:: Given data ::
# # # #

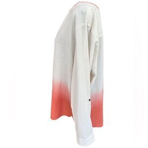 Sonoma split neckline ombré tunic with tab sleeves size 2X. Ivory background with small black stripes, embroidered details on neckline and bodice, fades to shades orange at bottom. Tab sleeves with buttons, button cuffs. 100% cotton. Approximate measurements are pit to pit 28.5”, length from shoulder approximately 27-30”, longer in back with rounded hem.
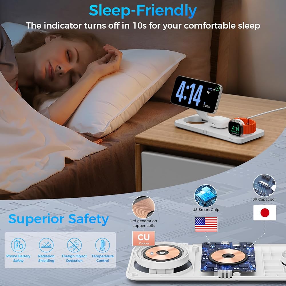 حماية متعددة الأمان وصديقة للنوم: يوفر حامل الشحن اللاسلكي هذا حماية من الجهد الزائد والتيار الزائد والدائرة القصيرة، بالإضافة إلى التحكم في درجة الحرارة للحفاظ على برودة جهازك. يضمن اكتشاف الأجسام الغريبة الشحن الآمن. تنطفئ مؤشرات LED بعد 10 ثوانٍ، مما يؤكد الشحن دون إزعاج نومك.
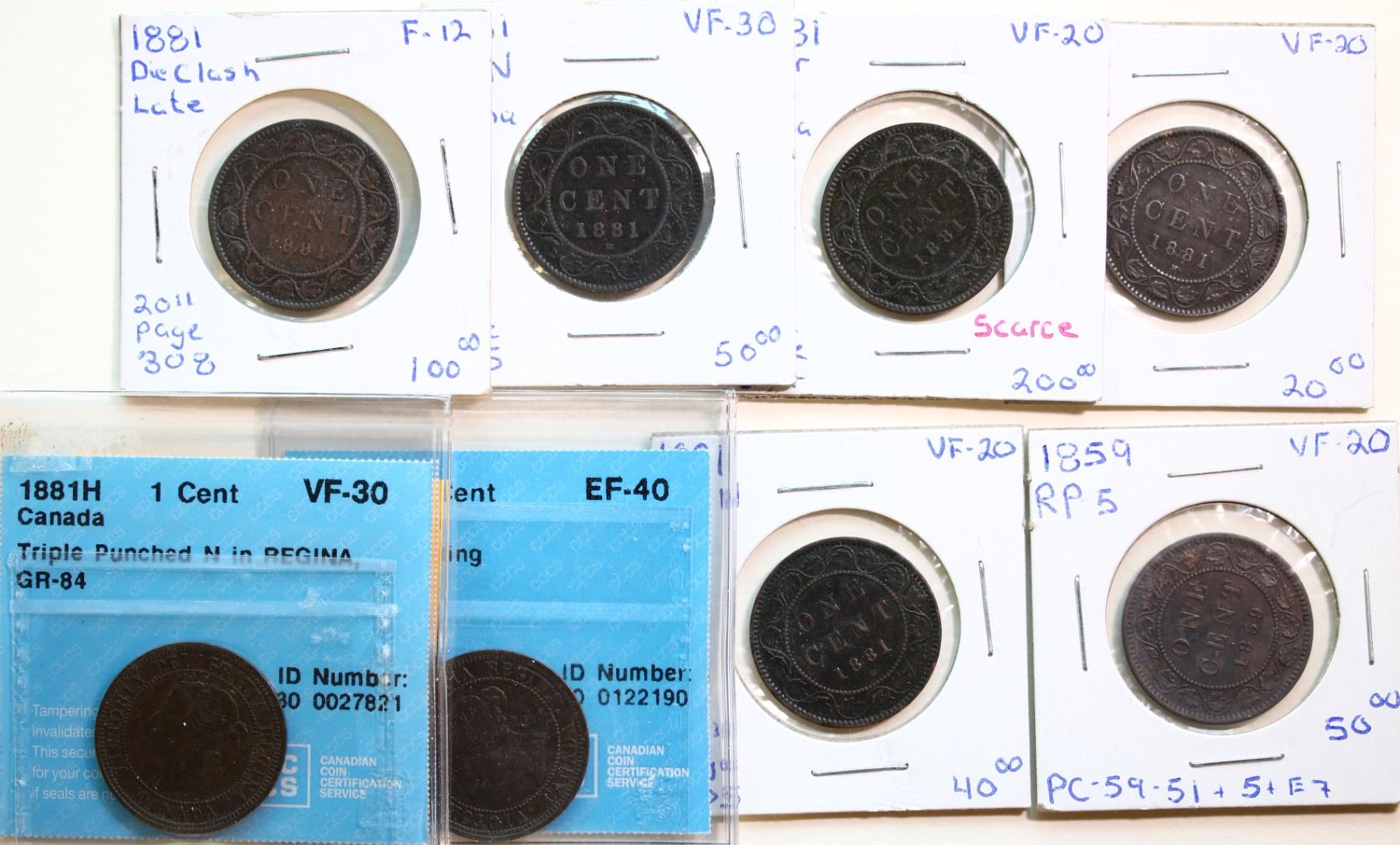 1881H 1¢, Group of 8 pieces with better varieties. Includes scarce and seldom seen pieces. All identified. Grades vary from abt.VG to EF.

# # # #

:: What needs to be done ::
Except for the pictures, give all the material above again verbatim.

:: Answer space ::
 Sonoma split neckline ombré tunic with tab sleeves size 2X. Ivory background with small black stripes, embroidered details on neckline and bodice, fades to shades orange at bottom. Tab sleeves with buttons, button cuffs. 100% cotton. Approximate measurements are pit to pit 28.5”, length from shoulder approximately 27-30”, longer in back with rounded hem.
 حماية متعددة الأمان وصديقة للنوم: يوفر حامل الشحن اللاسلكي هذا حماية من الجهد الزائد والتيار الزائد والدائرة القصيرة، بالإضافة إلى التحكم في درجة الحرارة للحفاظ على برودة جهازك. يضمن اكتشاف الأجسام الغريبة الشحن الآمن. تنطفئ مؤشرات LED بعد 10 ثوانٍ، مما يؤكد الشحن دون إزعاج نومك.
 1881H 1¢, Group of 8 pieces with better varieties. Includes scarce and seldom seen pieces. All identified. Grades vary from abt.VG to EF.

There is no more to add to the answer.